AWS for Industries
Improving patient pre-screening for clinical trials with generative AI on AWS
Clinicians face several challenges when finding and enrolling patients in clinical trials. These include lack of awareness, limited access to trial information, especially for rare diseases, and time constraints. Typically, clinicians undertake a set of steps to find and evaluate clinical trials for their patients that include identification of patients who would benefit from a clinical trial, collecting relevant medical information about patient diagnosis, stage, and treatment history, searching clinical trial registries and institutional review boards, reviewing eligibility criteria, and more. One solution to streamline this process is to automate pre-screening by applying artificial intelligence.
In this post, we present a generative AI driven solution leveraging AWS services to facilitate an improved turnaround time for matching cancer patients to relevant clinical trials. A single cancer trial may have numerous inclusion and exclusion criteria, each of which needs to be checked against the patient’s specific medical history and current condition. By automating this process with generative AI, the screening time was reduced by ~ 40% in a real-life clinical trial matching task.
This solution leverages Amazon Bedrock knowledge base and Amazon Bedrock agents to find relevant trials using a patient’s medical condition and demographic data like age, gender, country, etc. By establishing matched trials based on inclusion and exclusion criteria, the solution incorporates chain of thought reasoning and explains the reason for selecting or not selecting a clinical trial. This solution also highlights the key differences between the recommended matches, enabling clinicians to compare and contrast the available options more effectively.

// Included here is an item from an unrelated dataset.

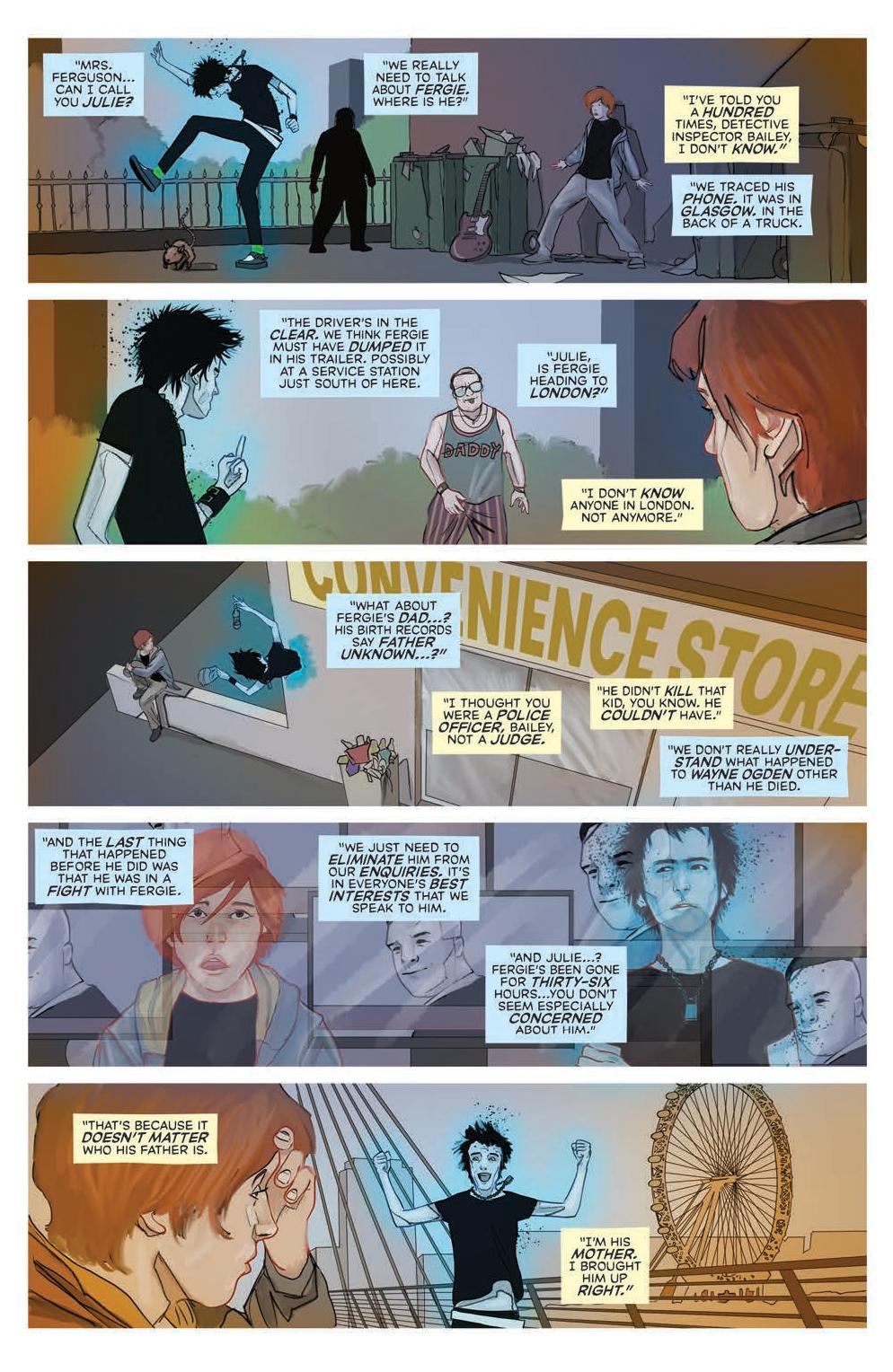 With his sarcastic companion, the ghost of dead Sex Pistols bassist Sid Vicious in tow, he has made his way down south to London to track down his long-lost dad and try to figure out just what the hell is happening to him. Back home, his crush Natalie is about to begin on a journey of her own. She’s attached to Fergie in some way and she is going to find out how in any way she can. And while all this is happening, a mysterious slick-haired baddie emerges from the shadows with his own murderous agenda in mind for our spotty ginger hero, leaving a trail of bodies in his wake.

Amazon Bedrock is a fully managed service that offers a choice of high-performing foundation models (FMs) through a single API. It provides a broad set of capabilities needed to build generative AI applications with security, privacy, and responsible AI. Amazon Bedrock agents act as orchestrators, managing interactions between foundational models, data sources, knowledge bases, software applications, and user conversations. Additionally, they automate API calls to execute actions and access knowledge bases to enrich information relevant to these actions.
Clinical trial collection and matching workflow diagram
Architecture diagram
The architecture diagram illustrates the end-to-end workflow for matching cancer patients to relevant clinical trials using AWS services like Amazon Bedrock Agents, Knowledge Base, Amazon OpenSearch Service, and AWS Lambda functions. The clinician initiates the process by querying the clinical trials agent with the patient’s details, then fetches the medical history, leverages knowledge bases, and invokes different APIs to filter and recommend suitable trials based on the inclusion and exclusion criteria.
An agent-based framework on Amazon Bedrock allows developers to model and simulate complex systems by executing multistep tasks across different systems and data sources. The entire workflow spans multiple tasks starting from 1. Fetching patient relevant historical information 2. Querying clinical trials registry to fetch clinical trials relevant to patient current condition and matching the trials related inclusion & exclusion criteria to patient historical attributes to narrow down to specific clinical trials. This process enables automation of the clinical trial pre-screening process, which typically takes hours to a few minutes.
Next Steps
With the power of AWS services like Amazon Bedrock, healthcare providers can unlock new possibilities for streamlining clinical trial enrollment and accelerating the development of life-saving treatments. As generative AI continues to advance, its potential applications in the healthcare domain are vast, promising to revolutionize various aspects of patient care and medical research. We encourage you to explore the solution, adapt it to your specific needs, and unlock new possibilities in patient care and clinical processes. We value community collaboration and welcome your contributions – whether through submitting a pull request to enhance the solution’s functionality or reporting any issues you encounter via GitHub issues. Your feedback and involvement will help us continue to improve and strengthen this solution to better serve the healthcare community’s needs.